You can get the dataset from here: -- Coud you help to test? https://s3.amazonaws.com/andy.tang.test/dataset.zip

generateNetCDF -d gl_input -i dss_sku_sku -o gl_input.nc -f features_input -s samples_input -c generateNetCDF -d gl_output -i dss_sku_sku -o gl_output.nc -f features_output -s samples_input -c train -c config.json -i gl_input.nc -o gl_output.nc -n gl.nc -b 256 -e 10 predict -b 256 -d gl -i features_input -o features_output -k 10 -n gl.nc -f dss_sku_sku -s recs -r dss_sku_sku

scottlegrand commented 8 years ago

Interesting, I get a different sized dataset. ./generateNetCDF -d gl_input -i dss_sku_sku -o gl_input.nc -f features_input -s samples_input -c Flag -c is set. Will create a new feature file and overwrite: features_input Generating dataset of type: indicator Will create a new samples index file: samples_input Will create a new features index file: features_input Indexing 1 files Indexing file: dss_sku_sku Progress Parsing10000Time 0.827208 Progress Parsing20000Time 0.749772 Progress Parsing30000Time 0.670679 Progress Parsing40000Time 0.685743 Progress Parsing50000Time 0.54209 Progress Parsing60000Time 0.556289 Exported features_input with 65217 entries. Exported samples_input with 65075 entries. Raw max index is: 65217 Rounded up max index to: 65280 Created NetCDF file gl_input.nc for dataset gl_input Total time for generating NetCDF: 4.54689 secs.

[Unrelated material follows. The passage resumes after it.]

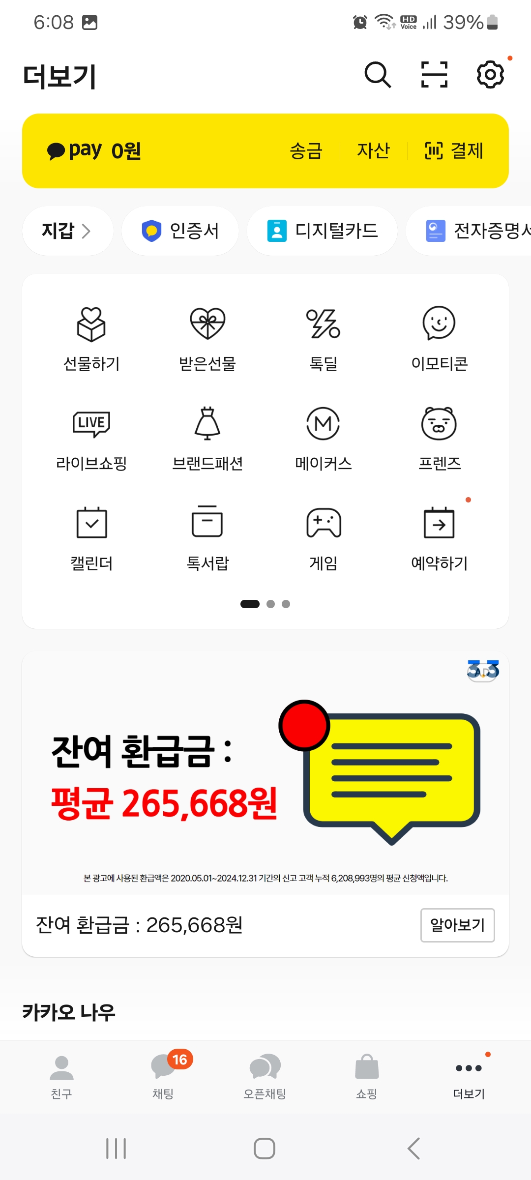 카카오톡 → 더보기 탭 → 선물하기 클릭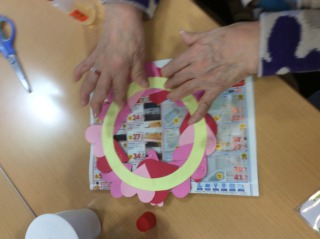 ハートで制作しようと試み皆様にお手伝いしてもらっています

Can you pull ToT, rebuild, and try again?

tristanpenman commented 8 years ago

I have been able to reproduce this issue on the DSSTNE AMI running on a g2.2xlarge EC2 instance, with the dataset provided. What I found is that while the predict utility is correctly loading all 65075 lines of the feature_input file, some of those lines contain duplicate IDs.

Line 64175, for example, is malformed. With hidden/control characters enabled in vi, you can see the formatting error (a second tab character):

4549498^I4549491^I4549528,10.0:4549526,10.0:4549498,10.0:4549501,10.0$

Both the generateNetCDF and predict applications should be able to detect this kind of error, and I will raise a separate issue to track that work. In the mean time, this should help you to fix the dataset itself.

oyotong commented 8 years ago

Thank you for your help!!

I fixed those malformed data. It work fine now.